Tak jak wszędzie. I pewnie znajdzie się kilka osób, które przez to zawalą. Choć poza tymi mniej uczciwymi, lekki horror przeżywali wszyscy piszący. W końcu to bardzo głupie uczucie, kiedy po skończeniu pisania, kiedy jesteś że prawie wszystko masz dobrze, okazuje się, że kumpel ma całkiem inne odpowiedzi^^"

Ale i tak nie przebije momentu przy omawianiu wyników, w którym nie wiedząc jeszcze o grupach, dobre 5 minut kłóciliśmy się czy w 1 pytaniu do drugiego słuchania było wpisanych 2 czy 3 sponsorów. Z perspektywy czasu, śmieszna mogłaby się wydawać sytuacja, kiedy początkowo pewne swoich racji strony z czasem tracą pewność siebie. Choć wtedy wcale to nie było dla niektórych zabawne.

Udostępnij ten post


Link to postu
Udostępnij na innych stronach

ja z zadań zamkniętych nie straciłem nic na podstawce, a na rozszerzonej 3 pkt (perfidna była ta część gramatyczna, a zwłaszcza to, że prawidłowe jest ''ensure'' a nie ''assure''). mam nadzieję, że w pracach pisemnych byków nie narobiłem, to powinno byc co najmniej 90% z tej matury, choć dla mnie liczy się tylko podstawowa, rozszerzoną wziąłem tylko dla sprawdzenia samego siebie.

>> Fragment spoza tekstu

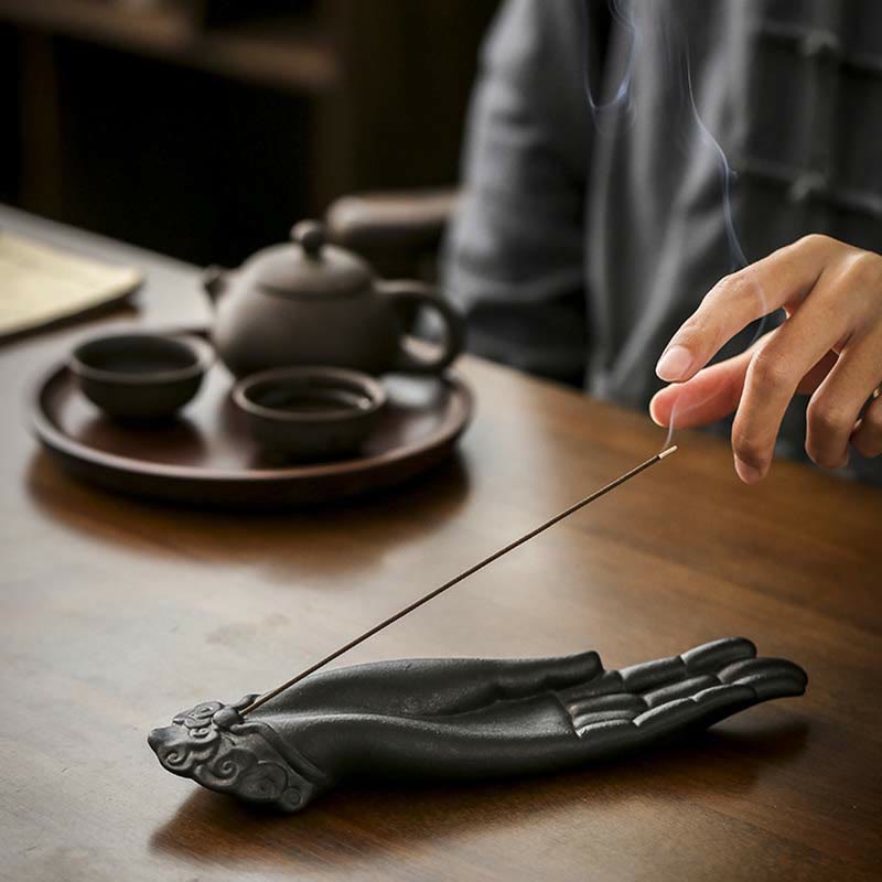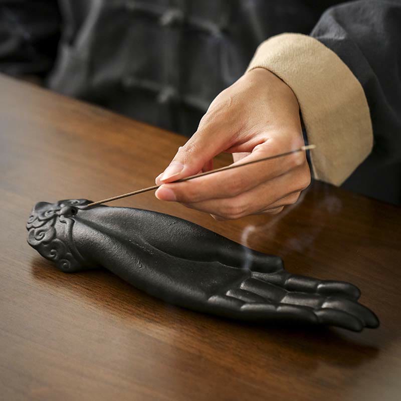 This burner features a Buddha hand among auspicious clouds, symbolizing blessings and protection. Burning incense here helps invite tranquility, positive energy, and spiritual reverence into your space.

no i zagalopowałem się przy zaznaczaniu odpowiedzi i w miejscu zadania 12. wmalowałem odpowiedzi do 11., a później to poprawiłem:/
mam nadzieję, że to zaznaczanie złych odpowiedzi w kółko to nie ściema, bo inaczej 5 pkt w plecy.:|

Udostępnij ten post


Link to postu
Udostępnij na innych stronach

Matura z anglika byla prostsza teraz niz probna... wg mnie duzo prostsza. podstwake licze na 100, z rozszerzonego z listeningu, readingu i gramatyki mam 26/32pkt wiec tez spoko... dodajac cwritting licze na prznajmniej 75% z rozszerzonego co mnie zadawala juz:) niestety obawiam sie ze z matmy juz tak kolorowo dla mnie nie bedzie i pozostaje dalej miec nadzieje ze gegra bedzie prosta i matme nadrobie :)

Udostępnij ten post


Link to postu
Udostępnij na innych stronach
Dnia 05.05.2006 o 18:35, Marrbacca napisał:

A jeszcze takie pytanie mam.
U Was też taka panika była jak się okazało, że jest kilka wersji arkusza? Bo u mnie dziewczyny
prawie zawału dostały. A i sam trochę przestraszony byłem, jak korzystają z okazji zerknąłem
na kartę kolegi siedzącego z przodu i się okazało, że wszystkie odpowiedzi inne... :D


Ja słyszałem, że u mnie było kilka przypadków typu "chłopak zżyna wszystko od najlepszej uczennicy w klasie - potem dowiaduje się, że było kilka wersji".

Cóż, tu by się przydała jakaś bajka Krasickiego z morałem "uczciwość popłaca" :]

Udostępnij ten post


Link to postu
Udostępnij na innych stronach

>To chyba lepiej, że obecny maturzysta nie musi korzystać z wielometrowych ściąg(jak było w poprzednich latach), tylko pisze z własnej głowy(opierając się o czytany tekst) maksymalnie o 2-3 lekturach?

Hehe a co sie ma piernik do wiatraka? Argument lichy, bo rownie dobrze obecnie tez maturzysta moze miec wielometrowe ściągi i mieć na nich wiele lektur. Na starej maturze też był do wyboru tekst z testem tak więc pod względem ściąg wielkiej różnicy nie ma. :-)

Dnia 05.05.2006 o 18:31, Cheed napisał:

I jesteś pewny, że temat o Makbecie obejmował jedynie jedną książkę? :)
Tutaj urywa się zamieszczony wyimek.